1. “No it’s not a euphemism.”

Often following up on a sentence like: “Could you please flip my spring rolls over?”

2. “That doesn’t go there.”

This is broadly applied to dishes, winter coats, appendages…

Often attached to a sentence like: “No the cat does not like it when you put your feet on her head.”

3. “Is your playlist repeating?”

See also: “I think we’ve heard that song already.”

and: “Could you put your headphones on?”

and: “Are we listening to the same three songs over and over?”

4. “I don’t think you need another coffee.”

5. “Yes of course you have one anyways, but you’ll feel sick.”

6. “No you don’t like feeling sick.”

7. “Can I have my socks now please?”

See: http://chayday.com/blog/2009/things-i-do-not-get-tired-of-doing-to-my-husband/

8. “I did eat my greens.”

OH! You thought I was just going to list off things he says when I’m being bad. Well, he’s not all cherubic like he sounds.

For ages, I picked up our plates after meals, only to finally realize a few years in that he never ever ate all of whatever vegetable was on his plate. Not. Once.

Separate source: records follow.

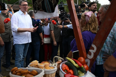 Predsednik Republike Srbije Aleksandar Vučić posetio je danas manifestaciju "Dani proje i sira" u Medveđici i obišao štandove na sajmu.
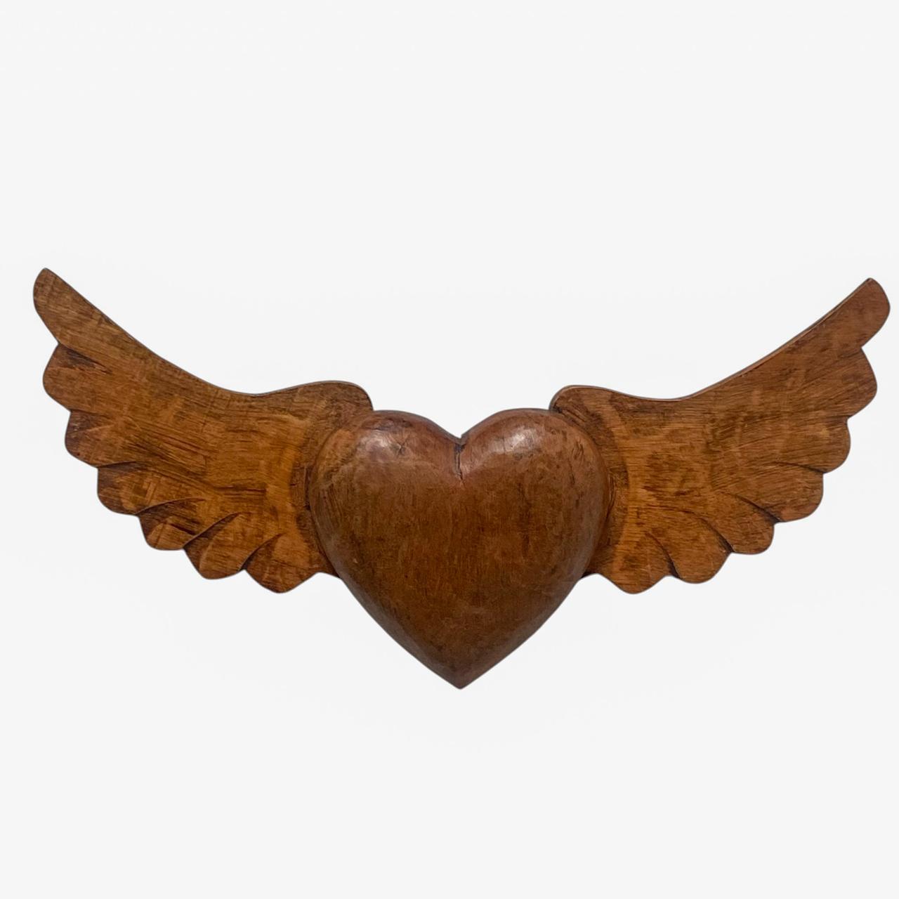 Adicione um toque de romantismo, significado e afeto à sua decoração com este encantador adorno esculpido em madeira. O design clássico do coração alado carrega um belíssimo simbolismo de amor, liberdade e proteção. Trabalhada com cuidado artesanal, a peça destaca os veios naturais e a tonalidade quente da madeira, garantindo que o seu ambiente fique muito mais acolhedor e cheio de personalidade.
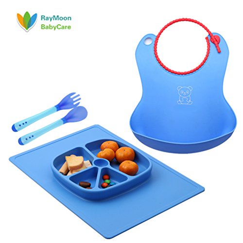 Raymoon ベビー お食事用 防水 エプロン 食器 シリコン製 大きいポケット付き ソフトスタイ 可愛い動物柄 食事こぼしキャッチ 持ち運び便利 プレゼント 出産祝い 洗濯可 お手入れ簡単 フォーク スプーン付き
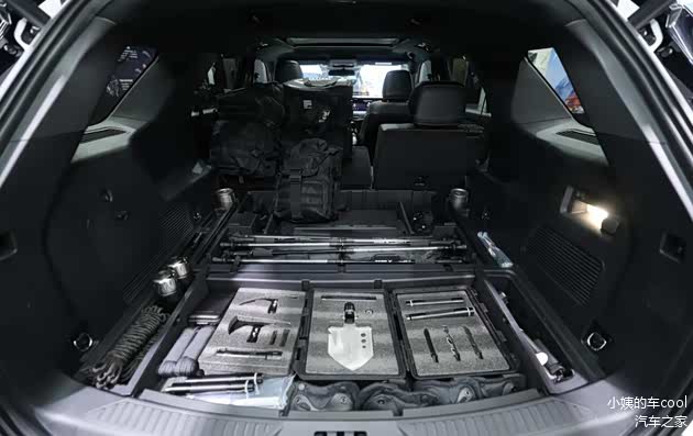 与注重“硬核豪华”体验的昆仑巅峰版形成鲜明互补,昆仑穿越版更侧重于功能的纯粹与空间的极致。作为一款大五座SUV,昆仑穿越版打破了传统SUV的空间布局思维,在常规状态下,后备厢容积已达1505L;当第二排座椅放倒后,装载容积更可扩展至2487L,可瞬间形成一个纵深近2米的纯平空间,变身“移动大床房”,轻松容纳山地自行车、滑雪板、全套露营桌椅等大型装备。细节上,车辆还设计了15个隐藏储物格,拓展近100L灵活储物空间,确保各类物品与随身器材的分区收纳,让所有探索装备井井有条。

When I finally twigged in, I started giving him smaller portions. So that basically I give myself twice as many vegetables as him. The first time I did this, he tried to hand me back his plate with veggies still on it. Looking all innocent. And I was all “oh no mister, I’m on to you, I gave you half as many veggies as me, and you still didn’t finish them. This is not a percentage activity buddy, eat those peas.”